- Born: Cora Ann Pair September 8, 1875 Knightdale, North Carolina
- Died: May 10, 1952 (aged 76) Brewerville, Liberia
- Education: Shaw University, Fisk University
- Occupation: Missionary
- Spouse: William Henry Thomas ​ ​(m. 1908; died in 1942)​

= Cora Ann Pair Thomas =

Liberian Baptist missionary

Cora Ann Pair Thomas (1875–1952) was a Baptist missionary, serving in Liberia from 1909 until her death in 1952. She is the grandmother of playwright and author Cori Thomas and the mother of former Liberian Ambassador David M. Thomas Cori’s father.

==Biography==
Thomas née Pair was born in Knightdale, North Carolina, on September 8, 1875.

She graduated from Shaw University in 1895. She then worked as a principal of an orphanage in Oxford, North Carolina, until she entered Fisk University in 1904, where she received missionary training.

In 1908 she married Reverend William Henry Thomas (1881-1942).
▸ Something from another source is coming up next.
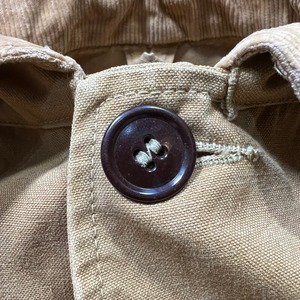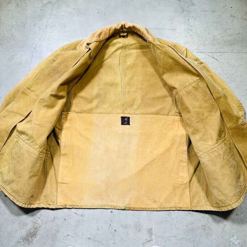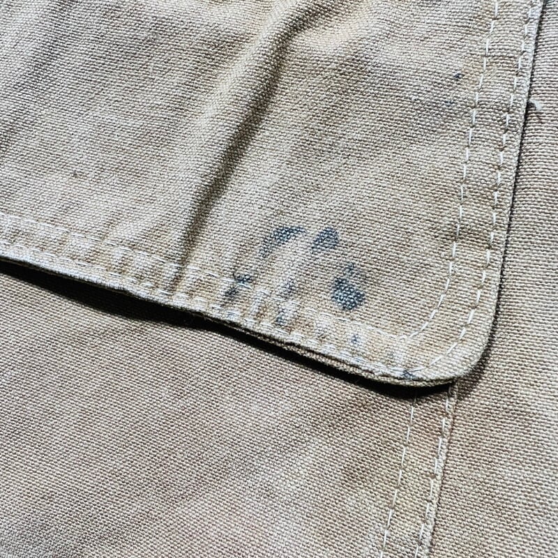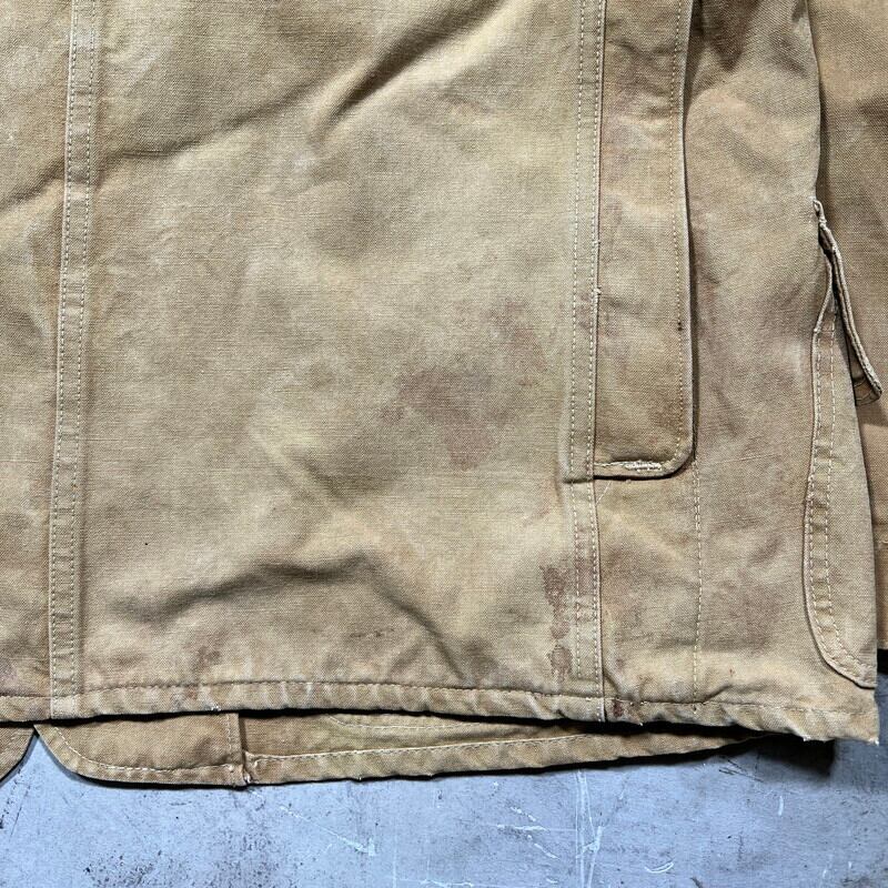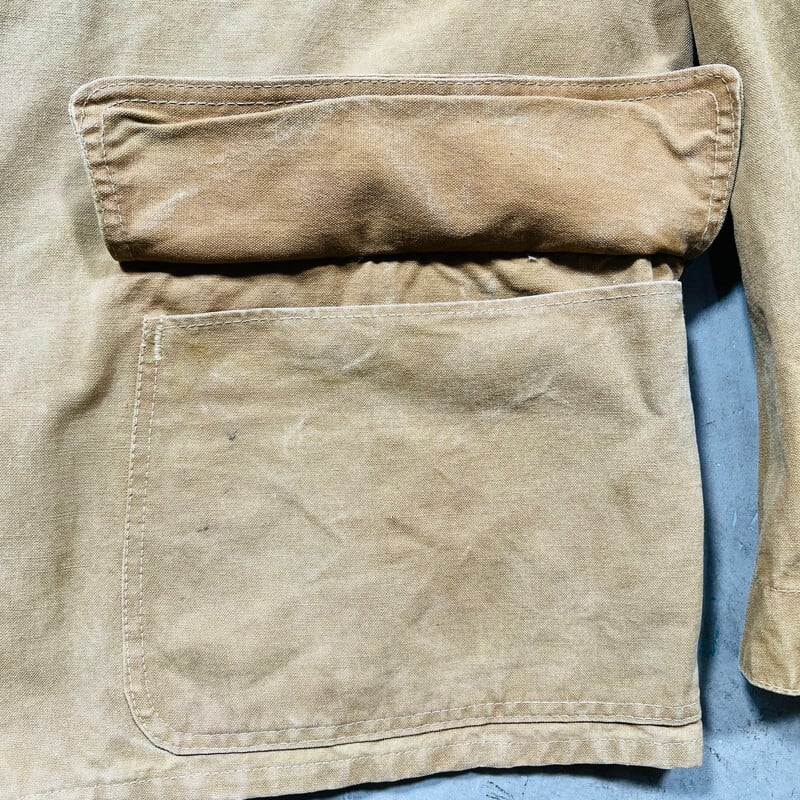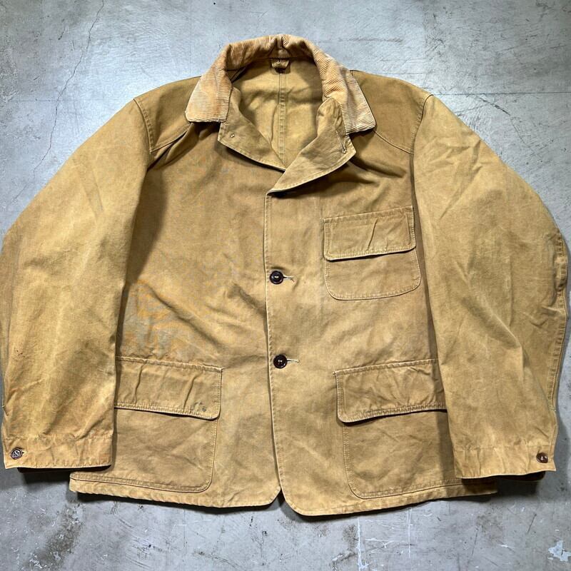 30年代頃のWeatherBakキャンバスハンティングジャケットです。WeatherBakというブランドのタグが付くこちらは、フロント4つボタン、3ポケット、コーデュロイ襟と非常にシンプルながらもクラシカルな印象の1着です。フラップポケット内部にはカートリッジホルダーは付かない簡素な作りをしています。フロントの4つは樹脂製、袖は塗装された木製のボタンが使用されています。生地は1枚仕立てなので、ごわつきは無くさらっと羽織りやすいです。シルエットは古いジャケットで見られる綺麗なAラインです。肘付近はゆとりのある太さのアームで、背面にはアクションプリーツも入りますので、肩周りはストレス無く可動できます。袖はやや短めな作りの為袖先がもたつかずすっきりとしています。着丈も長くは無いのでかなり着やすいシルエットだと思います。所々にシミ汚れはございますが、この年代のハンティングジャケットとしてはかなり状態の良い個体です。背面のゲームポケット内も比較的綺麗です。アウトドアウェアの中でも人気の高いハンティングジャケットは色んなスタイルのコーディネートでも合わせやすいシンプルなデザインですので、1着あると大変重宝します。すでにお持ちの方はコレクションとして手に入れられるのも良いのでは無いでしょうか。サイズ表記hあございませんが、L相当だと思います。80年から90年近く前のアンティークに近い古いアイテムがお好きな方は是非。

The same year the couple traveled Brewerville, Liberia under the auspices of the Lott Carey Convention (LCC). While William supervised the Brewerville mission Cora taught at the Lott Carey Mission School. William became a Liberian citizen while Cora retain her American citizenship. The couple worked together for 33 years, until William's death in 1942. After the death of her husband, Cora took over as the superintendent of the Brewerville mission. In 1946 she left Liberia due to poor health, returning in 1951 with a pilgrimage group.

Thomas died of malaria on May 10, 1952, in Brewerville, Liberia.